• About this task: Look through the entries below for the line with "Tumbler (Steel) 420" and the line with "उपस्थिति में श्री", then give again exactly those two lines and all lines between them, minus the pictures.

-------- Given records

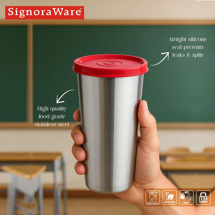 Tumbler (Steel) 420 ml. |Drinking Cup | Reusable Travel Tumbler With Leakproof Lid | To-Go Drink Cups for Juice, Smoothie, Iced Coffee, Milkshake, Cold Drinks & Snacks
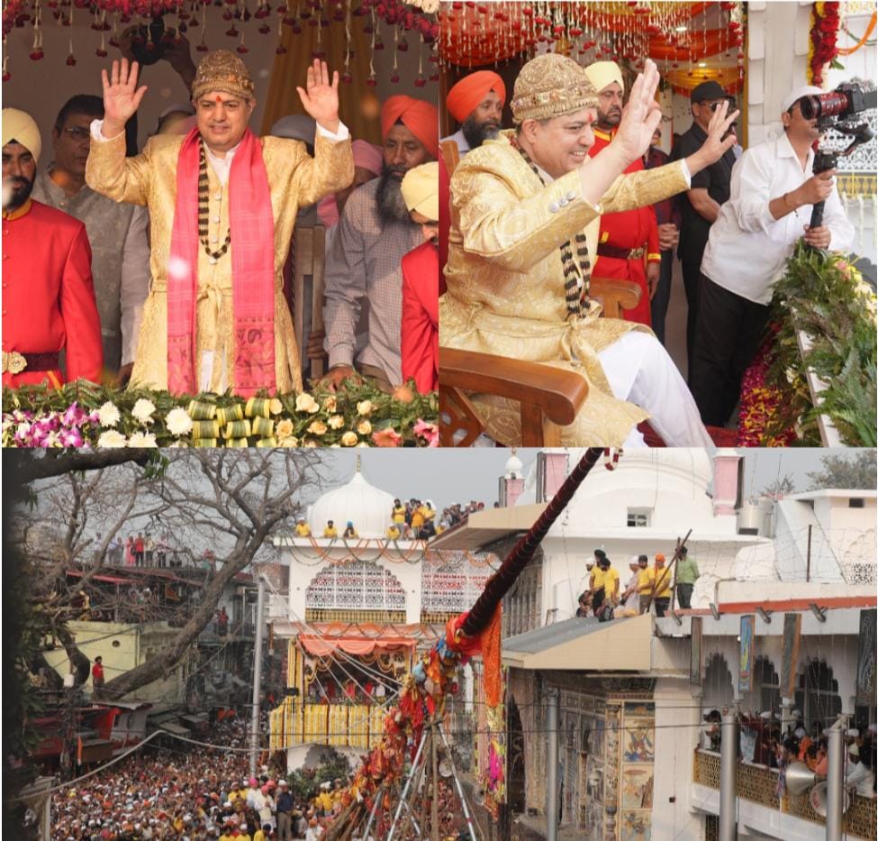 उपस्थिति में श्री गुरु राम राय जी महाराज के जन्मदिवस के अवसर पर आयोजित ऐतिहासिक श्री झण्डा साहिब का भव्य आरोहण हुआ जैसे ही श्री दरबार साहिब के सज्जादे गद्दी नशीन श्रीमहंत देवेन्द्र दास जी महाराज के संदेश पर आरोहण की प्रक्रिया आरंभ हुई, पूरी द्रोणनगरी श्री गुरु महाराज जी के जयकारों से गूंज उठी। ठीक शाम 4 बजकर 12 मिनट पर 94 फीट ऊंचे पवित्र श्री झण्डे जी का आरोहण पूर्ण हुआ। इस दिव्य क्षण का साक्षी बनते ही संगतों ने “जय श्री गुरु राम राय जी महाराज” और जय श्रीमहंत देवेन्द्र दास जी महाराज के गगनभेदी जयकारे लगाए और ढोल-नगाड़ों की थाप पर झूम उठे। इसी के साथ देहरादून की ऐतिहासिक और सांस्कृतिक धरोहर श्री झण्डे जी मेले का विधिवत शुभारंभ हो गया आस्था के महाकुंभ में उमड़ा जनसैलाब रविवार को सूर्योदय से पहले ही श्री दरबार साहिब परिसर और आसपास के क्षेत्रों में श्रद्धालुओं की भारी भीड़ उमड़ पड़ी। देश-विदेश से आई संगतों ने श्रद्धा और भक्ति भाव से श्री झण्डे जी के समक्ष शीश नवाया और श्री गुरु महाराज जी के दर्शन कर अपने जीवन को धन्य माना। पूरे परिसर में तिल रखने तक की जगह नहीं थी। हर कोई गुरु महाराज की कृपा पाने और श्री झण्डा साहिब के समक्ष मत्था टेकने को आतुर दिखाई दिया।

----------------
-------- Given records

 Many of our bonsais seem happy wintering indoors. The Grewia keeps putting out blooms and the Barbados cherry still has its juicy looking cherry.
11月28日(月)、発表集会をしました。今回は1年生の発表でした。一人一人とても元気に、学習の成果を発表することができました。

----------------

• Task result:
 Tumbler (Steel) 420 ml. |Drinking Cup | Reusable Travel Tumbler With Leakproof Lid | To-Go Drink Cups for Juice, Smoothie, Iced Coffee, Milkshake, Cold Drinks & Snacks
 उपस्थिति में श्री गुरु राम राय जी महाराज के जन्मदिवस के अवसर पर आयोजित ऐतिहासिक श्री झण्डा साहिब का भव्य आरोहण हुआ जैसे ही श्री दरबार साहिब के सज्जादे गद्दी नशीन श्रीमहंत देवेन्द्र दास जी महाराज के संदेश पर आरोहण की प्रक्रिया आरंभ हुई, पूरी द्रोणनगरी श्री गुरु महाराज जी के जयकारों से गूंज उठी। ठीक शाम 4 बजकर 12 मिनट पर 94 फीट ऊंचे पवित्र श्री झण्डे जी का आरोहण पूर्ण हुआ। इस दिव्य क्षण का साक्षी बनते ही संगतों ने “जय श्री गुरु राम राय जी महाराज” और जय श्रीमहंत देवेन्द्र दास जी महाराज के गगनभेदी जयकारे लगाए और ढोल-नगाड़ों की थाप पर झूम उठे। इसी के साथ देहरादून की ऐतिहासिक और सांस्कृतिक धरोहर श्री झण्डे जी मेले का विधिवत शुभारंभ हो गया आस्था के महाकुंभ में उमड़ा जनसैलाब रविवार को सूर्योदय से पहले ही श्री दरबार साहिब परिसर और आसपास के क्षेत्रों में श्रद्धालुओं की भारी भीड़ उमड़ पड़ी। देश-विदेश से आई संगतों ने श्रद्धा और भक्ति भाव से श्री झण्डे जी के समक्ष शीश नवाया और श्री गुरु महाराज जी के दर्शन कर अपने जीवन को धन्य माना। पूरे परिसर में तिल रखने तक की जगह नहीं थी। हर कोई गुरु महाराज की कृपा पाने और श्री झण्डा साहिब के समक्ष मत्था टेकने को आतुर दिखाई दिया।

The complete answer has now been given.